Pensioner 'killed wife in failed suicide pact'
A pensioner killed his wife of 50 years then stabbed himself in a failed suicide pact, a court heard today.
Peter Cooper, 72, is charged with the murder of his wife, Audrey, 70, who he admits stabbing twice as they sat on a bench in Mountbatten War Memorial Park, Romsey, Hampshire, on January 18 last year.
Winchester Crown Court heard that Cooper, a former warrant officer in the Army, then stabbed himself three times and held his dead wife in his arms as he waited to die himself.
Nigel Pascoe QC, prosecuting, said that Cooper claims to have entered a suicide pact with his wife because they could not face her being sectioned to hospital because of her deteriorating mental health.
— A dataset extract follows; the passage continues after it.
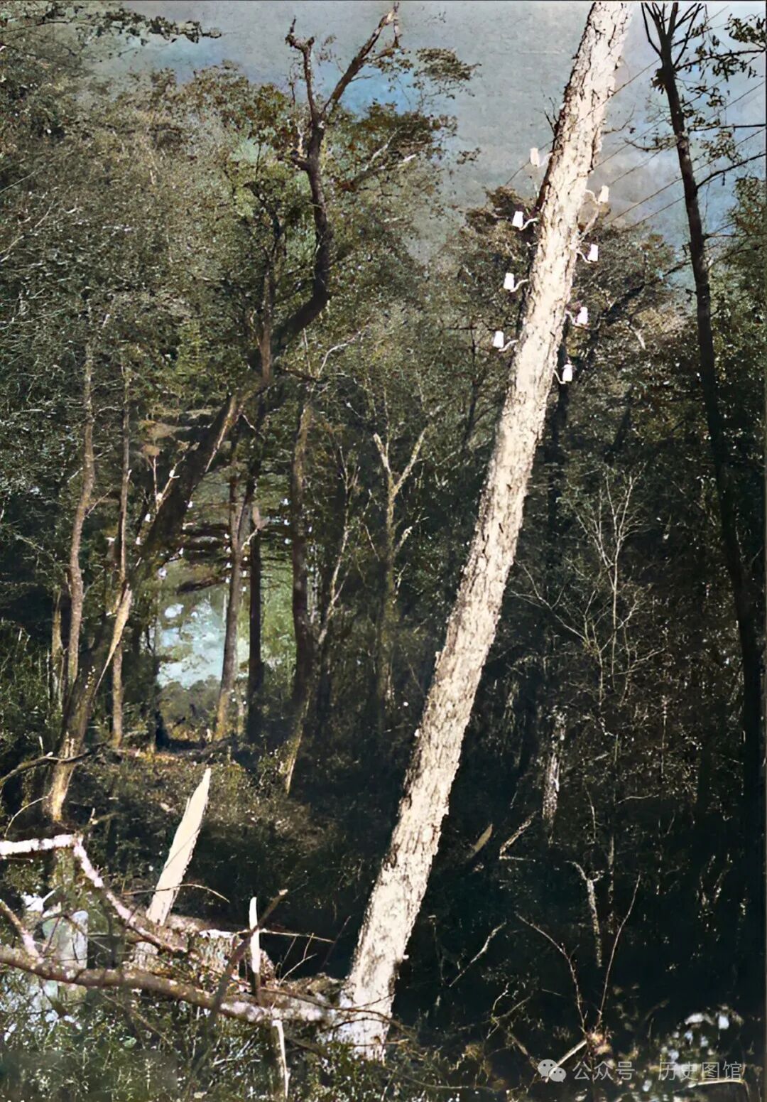 这张照片,拍摄于威虎岭。照片中,在密林深处倾斜着一根木制电线杆。由此判断,附近有人居住或者是伐木场。

Mr Pascoe described how Cooper, of Highfield Lane, Southampton, waited for two hours after he had stabbed his wife before he contacted the emergency services.
In a 999 call read to the court, Cooper said: "I've stabbed her. Yeah and I've tried to stab myself, I didn't do quite such a good job on it."
Mr Pascoe said that Cooper wrote a letter to their only daughter Karen Bolarinwa explaining their "joint decision" to end their lives.
The letter said: "We have made a joint decision that the only way we can be together and be at peace is to end our lives.
"It is not an easy decision and it breaks our hearts knowing what it will do to you.
"Please forgive us, this is not at all the intended way but we just cannot go on like this."
A note in Mrs Cooper's writing was also found attached to a piece of jewellery addressed to her daughter and grandsons Ben and Jordan.
It said: "Jewels expensive, love you."
Mr Pascoe said that Cooper admits killing his wife and would plead guilty to a charge of manslaughter.
He said the lesser charge would only be acceptable if it could be proven that the couple had genuinely entered into a suicide pact and that Mrs Cooper was in the right state of mind to make that decision.
He added that a second defence would be that Cooper himself had been in a state of diminished responsibility when he killed his wife.
Mr Pascoe said: "In so serious a case as the taking of a life, the difference between murder and manslaughter should be resolved by a jury rather than by an agreement between lawyers, these are issues too big to be dealt with in any other way."